Prisca. I actually like this solution. At the time I think I was so happy that the "Dead" car actually turned over that I probably wouldn't have been comfortable turning it off again. But in hindsight, I see that your suggestion here is truly the "do nothing" position. My W and I struggle with the defining the true "do nothing" position time and time again.

Usually it's pretty clear - do nothing. If you're driving, pull over.

Quote
At the time I think I was so happy that the "Dead" car actually turned over that I probably wouldn't have been comfortable turning it off again.
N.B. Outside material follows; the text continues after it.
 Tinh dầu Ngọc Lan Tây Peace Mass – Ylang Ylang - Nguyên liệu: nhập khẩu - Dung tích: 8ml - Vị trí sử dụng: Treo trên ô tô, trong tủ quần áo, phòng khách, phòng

One thing that is important is to learn to calm down in what feels like a "crisis." When it's a "crisis" to you your instinct is to do the "right" thing no matter what - at the expense of your wife.

Stay calm. Make that rule number one! If you do, your brain will work better and concentrate on problem solving, rather than shutting down to let you run on adrenaline.


If you are serious about saving your marriage, you can't get it all on this forum. You've got to listen to the Marriage Builders Radio show, every day. Install the app!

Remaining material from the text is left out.